Pypi and Prejudice: A Dependency Confusion Love Story
Featuring typos, package takeovers, and a man who should be watching Bluey with his kids instead of registering fake Python packages.
TL;DR: find non-existent packages before CI does; block unknown names with a pre-commit and prefer a private index first.
awk -F'[#= ]' '{print $1}' requirements.txt | rg -v '^$' | pyspi
Use it: https://github.com/cybercdh/pyspi
The package was called py-sqllite3. Two Ls. One reality check. Nestled in a very serious project with badges and sponsors and everything. Normal adults report the typo and go to bed. I wrote a tool and then registered the typo so I could prove the point and then go to bed slightly smug.

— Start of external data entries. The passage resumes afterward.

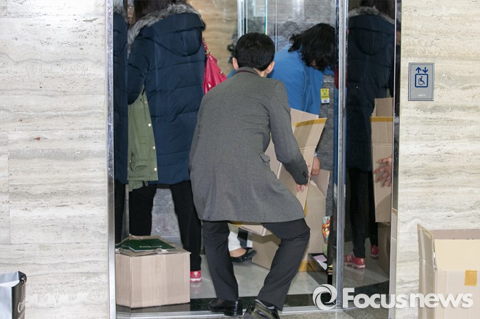 (서울=포커스뉴스) 국민의당 당직자들이 23일 오전 서울 여의도 국회에서 공천장 수여식 비품을 당사로 급히 옮기고 있다. 이날 국회에서 열릴 예정이었던 공천장 수여식은 공천 탈락 후보들의 반발로 당사에서 진행됐다.
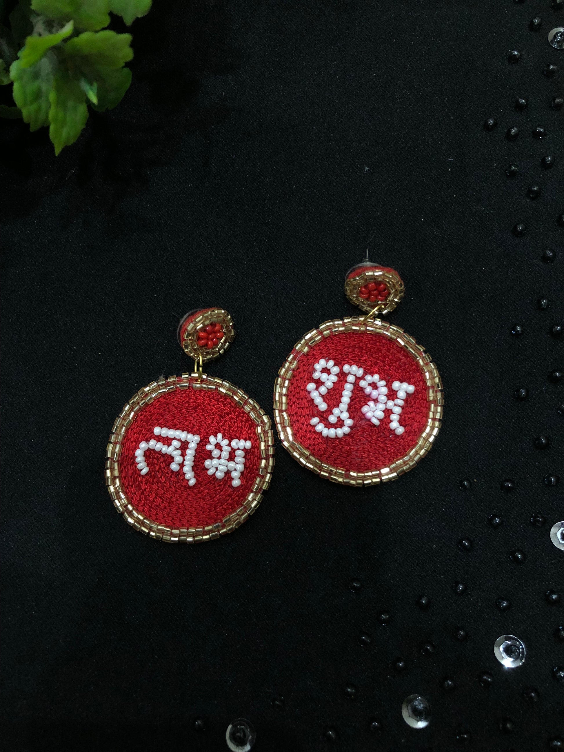 Handmade Shubh Labh Beaded Earrings – Symbol of Prosperity & Positivity
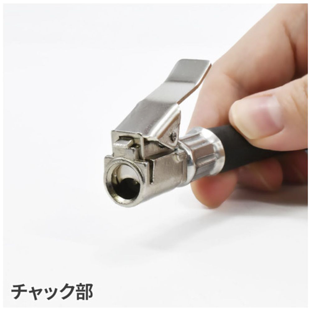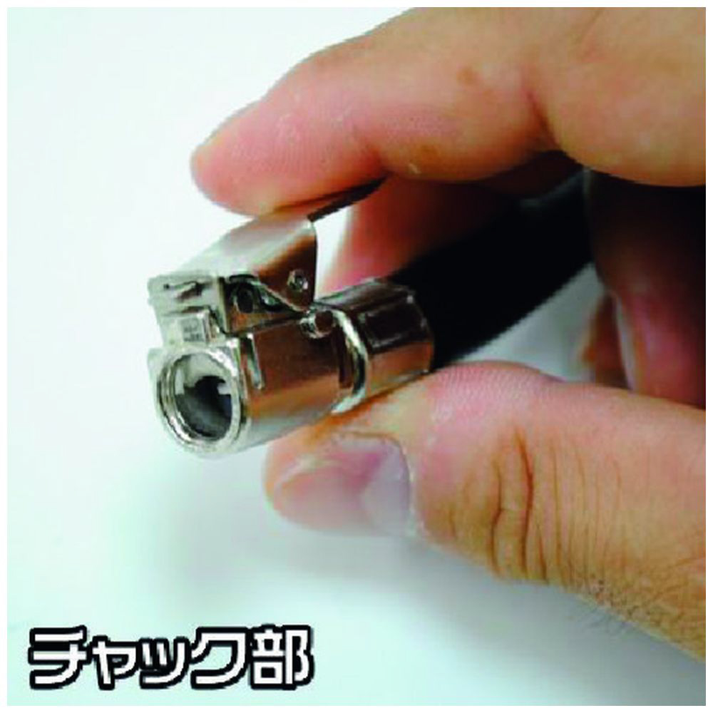 ■タイヤのバルブには、クリップチャックで接続するので、充填中にチャックを押しあてておく必要がありません。

Meet Nate. Nate types fast, lints hard, and, once, typed an extra L. Builds are obedient golden retrievers: you throw a package name and they bring back whatever smells right first. If there’s a public package matching your private one—or a typo someone squats—your CI will install it with the innocence of a Disney protagonist.
I built pyspi for this exact 2am gremlin energy: you hand it names, it asks PyPI if they exist, and then it tells you “nope” in a helpful tone.
Quick win:
# audit a requirements file for ghosts
awk -F'[#= ]' '{print $1}' requirements.txt | rg -v '^$' | pyspi
If you don’t want new tools: PyPI has a JSON API. Bring your own curl.
pkg=py-sqllite3
name=$(curl -sS https://pypi.org/pypi/$pkg/json | jq -r '.info.name' 2>/dev/null || echo "")
test "$name" = "null" -o -z "$name" && echo "$pkg: NOT_FOUND" || echo "$pkg: $name"
Dependency confusion in one paragraph: you meant “deliver to the private loading bay,” but the courier saw a public door with the same label and dropped your parcel there instead. Now your app depends on a box of rocks named py-sqllite3.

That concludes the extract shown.